I have a large dataset of nearly 200,000 rows and 20 columns (mix of numeric and string data). Each row has a unique identifier. Less than 100 rows have duplicate identifiers. I am trying to determine 2 things:
I've seen several other SO posts, but they usually discuss duplicates by columns, not rows and/or compare across data frames instead of within them.
Here is a small data example.
Note there are org_id values (a,b,c), of which a & b are duplicates. All values across the columns are duplicate for org_id a, but not org_id b.
# load toy data
df <- data.frame(org_id=c("a","a","b","b","b","c"),
thing=c("1","1","1","1","2","1"),
name=c("really_long_A_name_here", "really_long_A_name_here", "really_long_B_name_here", "really_long_B2_name_here", "really_long_B_name_here", "really_long_C_name_here"),
start=c("2020-10-31", "2020-10-31", "2022-09-17", "2022-09-17", "2022-09-17", "2023-05-11") )
df
org_id | score | name | start |
---|---|---|---|
a | 1 | really_long_A_name_here | 2020-10-31 |
a | 1 | really_long_A_name_here | 2020-10-31 |
b | 1 | really_long_B_name_here | 2022-09-17 |
b | 1 | really_long_B2_name_here | 2022-09-17 |
b | 2 | really_long_B_name_here | 2022-09-17 |
c | 1 | really_long_C_name_here | 2023-05-11 |
Here is an example of what I need: First, another data frame to tell me which org_id have duplicate row values, such as:
exact_dup | dup_orgs |
---|---|
TRUE | a |
FALSE | b |
So far, I combined row data into a long string for comparison. The code below works but seems clunky. Any suggestions on how to improve this?
# create a long string for each row
df$x <- apply(df, 1, paste0, collapse="|")
# placeholder dataframe to identify which uplicate rows in the data are exact duplicates across the entire row
review_dups <- data.frame(exact_dup = NA, dup_orgs = df |> filter(duplicated(org_id)==TRUE) |> distinct(org_id)|> pull(org_id) )
# loop to find differences
for(i in 1:nrow(review_dups)){
n <- df |> filter(org_id == review_dups$dup_orgs[i]) |> select(x) |> count(x) |> pull(n) |> max()
dup_rows <- df |> filter(org_id == review_dups$dup_orgs[i]) |> nrow()
review_dups[i,1] <- n==dup_rows
rm(n, dup_rows)
}
rm(i)
# view results
review_dups
Second, I need a way to report those data columns that don't match the rest of the rows for rows with duplicate org_id.
So, the output should tell me the org_id b score column and name column differ.
Preferably, the report values could appear as a third results column on the duplicate check data frame example above, but I'm open to different reporting options.
I don't yet have a code solution for this part.
Thanks!
I'm inferring that you're only concerned with comparing the 2nd and subsequent rows with the 1st row, not a complete pairwise set of differences.
This adds a column to the original frame that gives a comma-separated list of column names.

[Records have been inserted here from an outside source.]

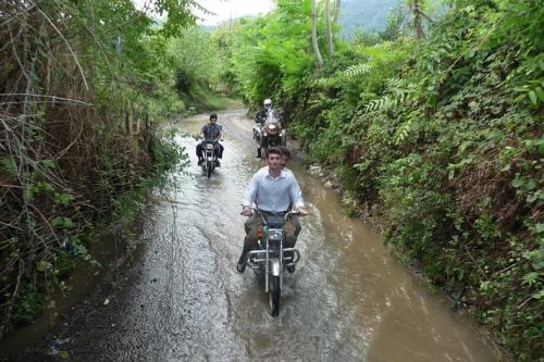 Na začátku vesniček čekají kluci na svých strojích. Když přijedeme, tak nás doprovázejí. Pak někam telefonují. Asi do další vesnice, protože všude na nás takto čekají. Každý si veze svoji holku zahalenou v šátku. To je jediná bezpečnostní ochrana. Všichni jezdí bez helem a brýlí, jen v civilním oblečení a v pantoflích. Mimo vesnici s námi udržují tempo, pak to osolí a mizí v dáli. Motorky musejí mít nějak upravené. Nechceme se nám s nimi závodit, dodržujeme stále stejné tempo.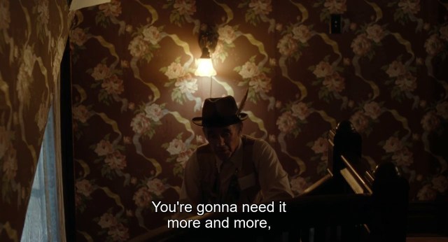 She goes looking for the showrunner of the play, a nice piece of postmodern complication as he clearly represents the creator of the show we are watching, Aaron Mark.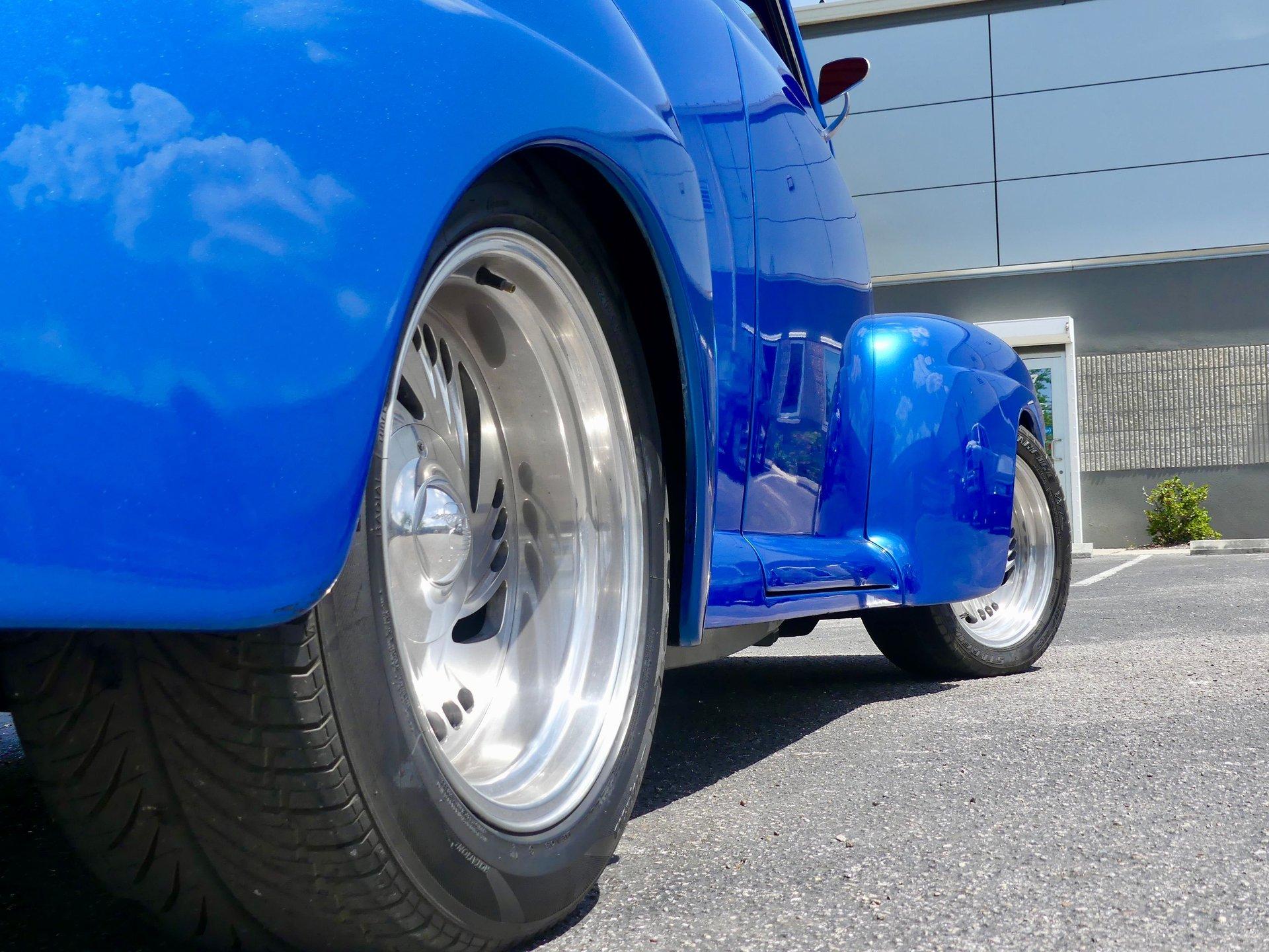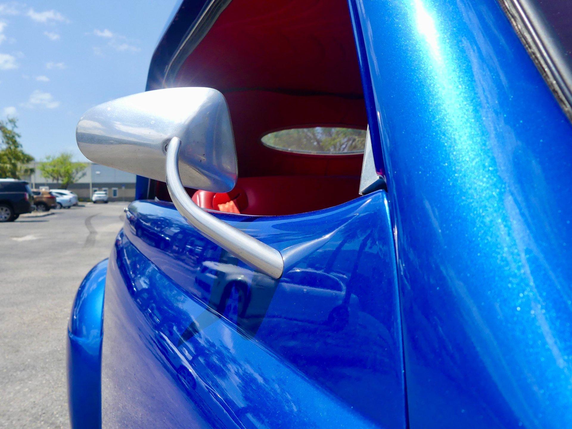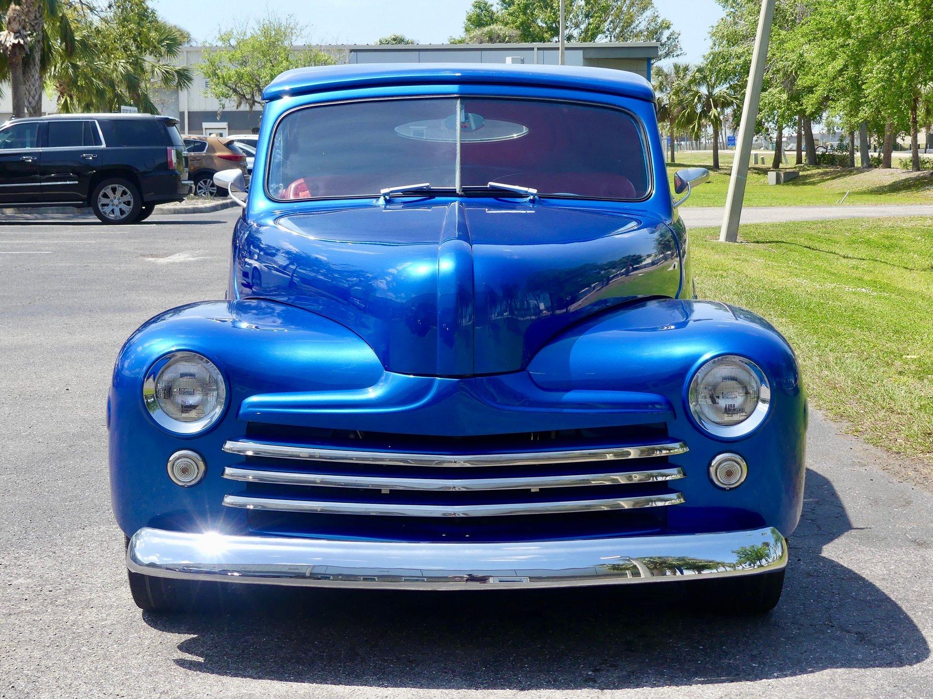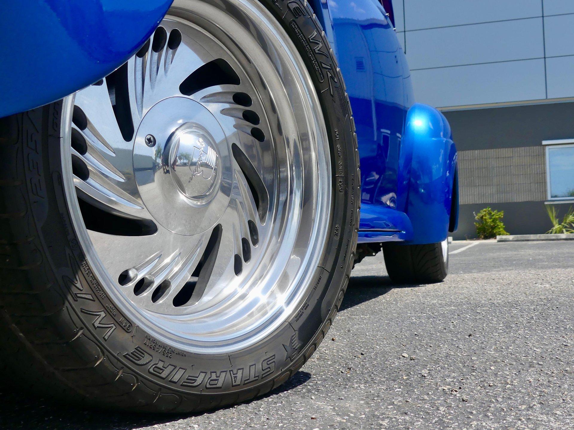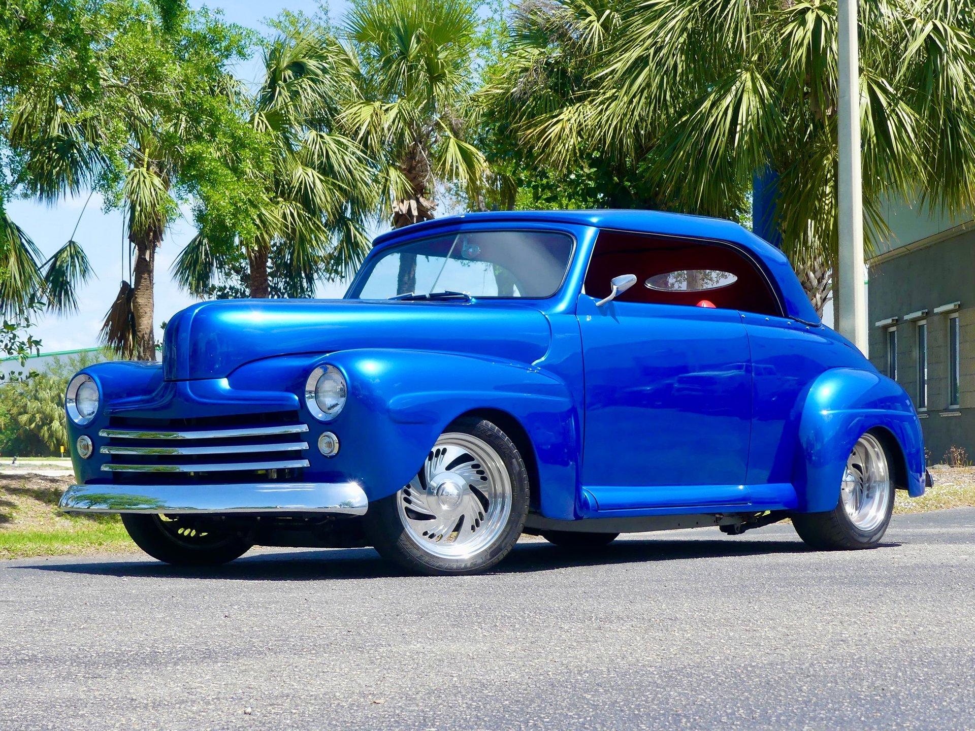This awesome 1948 Ford street rod is a totally custom convertible, with a one off removable hard top and custom roadster tonneau cover. It is painted in a beautiful bright blue metallic paint that shines like a diamond in the sun. Shaved door handles and a custom single tail light let you know right away that she is far from stock! You can also raise the power trunk lid with the flick of a switch.

df$dupe_differences <- unlist(by(df, df$org_id, function(dat) {
if (nrow(dat) == 1) return(NA)
c("", sapply(2:nrow(dat), function(i) {
same <- mapply(Negate(`%in%`), dat[1,], dat[i,])

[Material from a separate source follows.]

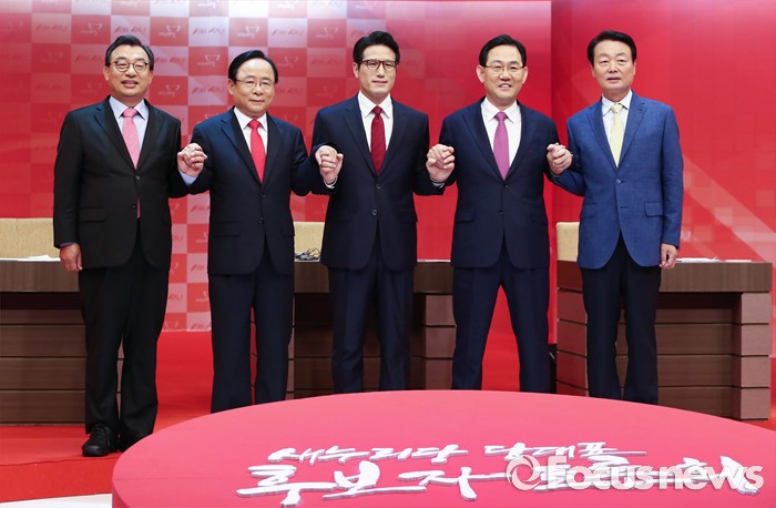 (서울=포커스뉴스) 4일 오후 서울 강서구 등촌동 SBS공개홀에서 새누리당 대표 경선 4차 TV토론회을 마친 의원들이 포즈를 취하고 있다. 오른쪽부터 한선교, 주호영, 정병국, 이주영, 이정현 의원.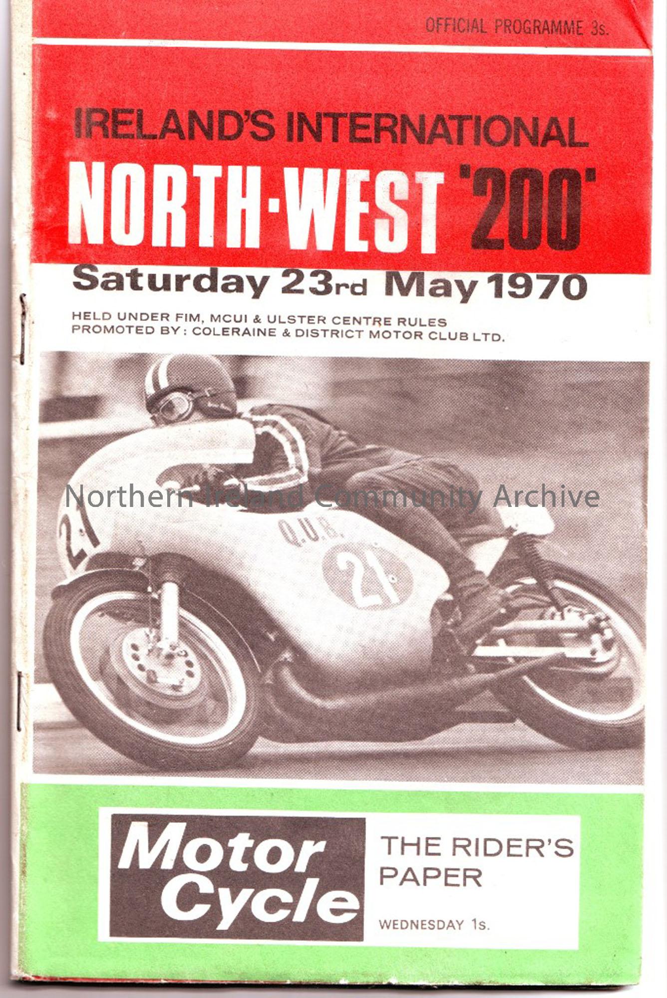 Official Programme of the North West 200, 1970. Includes lists of Entrants in each class and lap score charts. Promoted by Coleraine and District Moto…

paste(names(same[same]), collapse = ",")
}))
}))
df
# org_id thing name start dupe_differences
# 1 a 1 really_long_A_name_here 2020-10-31
# 2 a 1 really_long_A_name_here 2020-10-31
# 3 b 1 really_long_B_name_here 2022-09-17
# 4 b 1 really_long_B2_name_here 2022-09-17 name
# 5 b 2 really_long_B_name_here 2022-09-17 thing
# 6 c 1 really_long_C_name_here 2023-05-11 <NA>
The distinction is unambiguous:
NA
means there are no duplicates, that row is unique""
(empty string) means that its contents are identical with the first row of that dupe-setFrom here, you can easily filter out the specific rows you want using is.na(.)
(for no-dupes), !is.na(.) & !nzchar(.)
for rows identical to the first row (including the first row), and !is.na(.) & nzchar(.)
for rows that are duplicates with differences.